The conclusion is inescapable that but one remedy exists to deter violations of the search and seizure clause. That is the rule which excludes illegally obtained evidence. Only by exclusion can we impress upon the zealous prosecutor that violation of the Constitution will do him no good. And only when that point is driven home can the prosecutor be expected to emphasize the importance of observing constitutional demands in his instructions to the police....

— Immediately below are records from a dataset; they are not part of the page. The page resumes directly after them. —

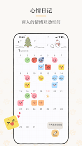 两人的专属心情日记,可实时同步对方,时刻关注对方的心情变化~
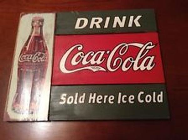 Nice wood Coca-Cola sign that measures 121/2" in height and 16" across. This comes with a hook on the back for easy hanging and displays very well.
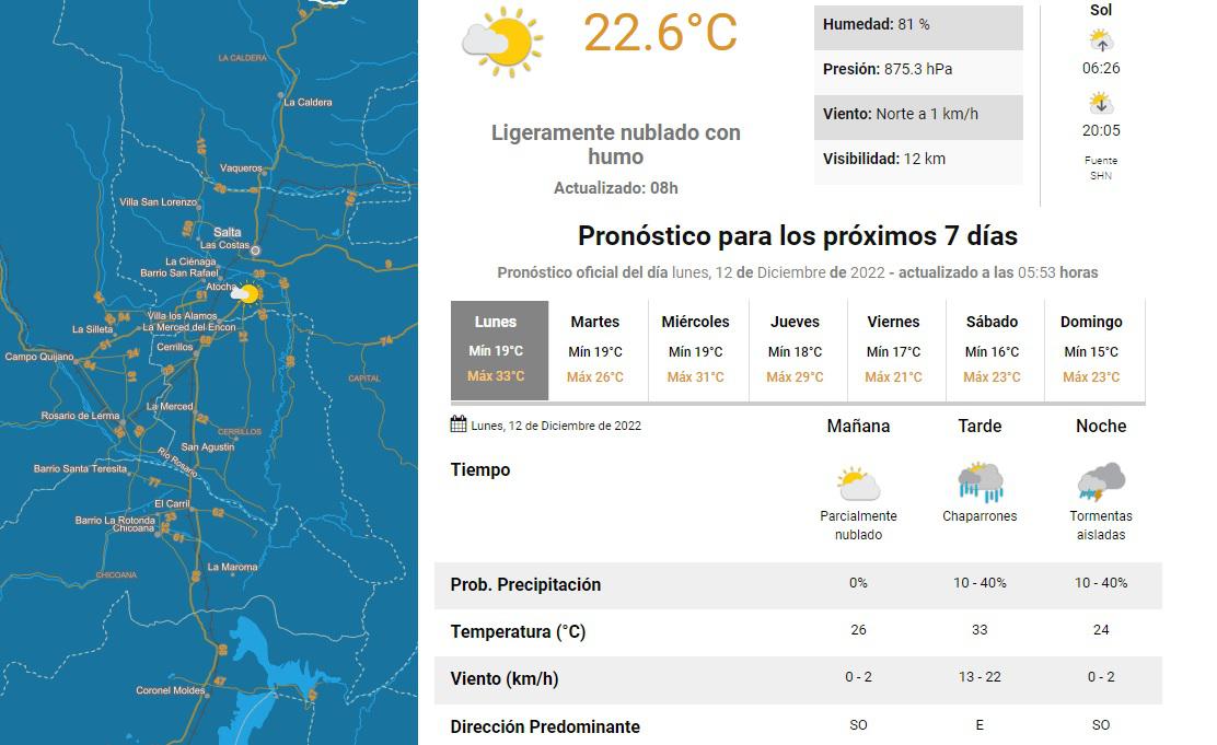 Así lo anticipa el Servicio Meteorológico Nacional. La semana comenzó con un lunes caluroso, para hoy se espera una temperatura máxima de 33°C. Rige una alerta por tormentas para Cachi, Cafayate, Chicoana, La Caldera, La Poma., Molinos, Rosario de Lerma, San Carlos.
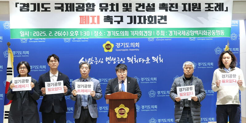 유호준 경기도의원이 ‘경기도 국제공항 유치 및 건설 촉진 지원 조례 폐지 촉구 기자회견’을 열고 발언하고 있다. 사진=경기도의회
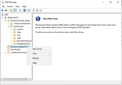 However, the ‘Reverse Lookup Zone’ is not created yet. This is equally important. Reverse lookup zones are used to verify that the IP address the source host is using is actually coming from the location where that IP address name is authoritative.

I cannot believe that we should decide due process questions by simply taking a poll of the rules in various jurisdictions, even if we follow the Palko 'test.' Today's decision will do inestimable harm to the cause of fair police methods in our cities and states. Even more important, perhaps, it must have tragic effect upon public respect for our judiciary. For the Court now allows that is indeed shabby business: lawlessness by officers of the law. Since the evidence admitted was secured in violation of the Fourth Amendment, the judgment should be reversed.
MR. JUSTICE RUTLEDGE, DISSENTING.
... [A]lthough I think that all 'the specific guarantees of the Bill of Rights should be carried over intact into the first section of the Fourteenth Amendment,' ... I welcome the fact that the Court, in its slower progress toward this goal, today finds the substance of the Fourth Amendment 'to be implicit in the concept of ordered liberty, and thus, through the Fourteenth Amendment..., valid as against the states.' Palko v. Connecticut.

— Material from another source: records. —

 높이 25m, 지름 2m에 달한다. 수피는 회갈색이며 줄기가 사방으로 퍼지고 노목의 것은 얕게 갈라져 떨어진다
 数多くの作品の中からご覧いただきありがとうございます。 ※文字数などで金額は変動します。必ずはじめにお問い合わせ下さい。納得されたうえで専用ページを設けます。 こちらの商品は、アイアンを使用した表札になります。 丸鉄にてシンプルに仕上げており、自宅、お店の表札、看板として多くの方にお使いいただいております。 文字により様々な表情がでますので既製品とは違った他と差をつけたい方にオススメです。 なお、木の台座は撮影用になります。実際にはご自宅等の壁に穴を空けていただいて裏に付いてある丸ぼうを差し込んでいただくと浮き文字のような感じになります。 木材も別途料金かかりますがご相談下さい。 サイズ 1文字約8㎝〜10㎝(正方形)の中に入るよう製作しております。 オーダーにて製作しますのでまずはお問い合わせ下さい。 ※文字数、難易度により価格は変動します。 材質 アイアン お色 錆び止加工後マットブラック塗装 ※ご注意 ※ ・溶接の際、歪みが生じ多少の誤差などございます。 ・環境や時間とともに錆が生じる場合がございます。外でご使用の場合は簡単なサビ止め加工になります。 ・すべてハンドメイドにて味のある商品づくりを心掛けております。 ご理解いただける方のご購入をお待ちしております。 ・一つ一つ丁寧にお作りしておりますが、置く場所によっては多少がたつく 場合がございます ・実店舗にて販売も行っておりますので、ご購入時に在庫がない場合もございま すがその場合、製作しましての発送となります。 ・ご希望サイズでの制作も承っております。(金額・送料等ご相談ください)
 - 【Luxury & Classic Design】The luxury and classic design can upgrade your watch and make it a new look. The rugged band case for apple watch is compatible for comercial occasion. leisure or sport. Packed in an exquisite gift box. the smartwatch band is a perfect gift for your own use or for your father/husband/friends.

But I reject the Court's simultaneous conclusion that the mandate embodied in the Fourth Amendment, although binding on the states, does not carry with it the one sanction--exclusion of evidence taken in violation of the Amendment's terms--failure to observe which means that 'the protection of the 4th Amendment ... might as well be stricken from the Constitution.' Weeks v. United States. For I agree with my brother MURPHY's demonstration that the Amendment without the sanction is a dead letter.... [T]he version of the Fourth Amendment today heldapplicable to the states hardly rises to the dignity of a form of words; at best it is a pale and frayed carbon copy of the original, bearing little resemblance to the Amendment the fulfillment of whose command I had heretofore thought to be 'an indispensable need for a democratic society.' Harris v. United States....
... I ... think the conviction should be reversed.
MR. JUSTICE MURPHY joins in this opinion.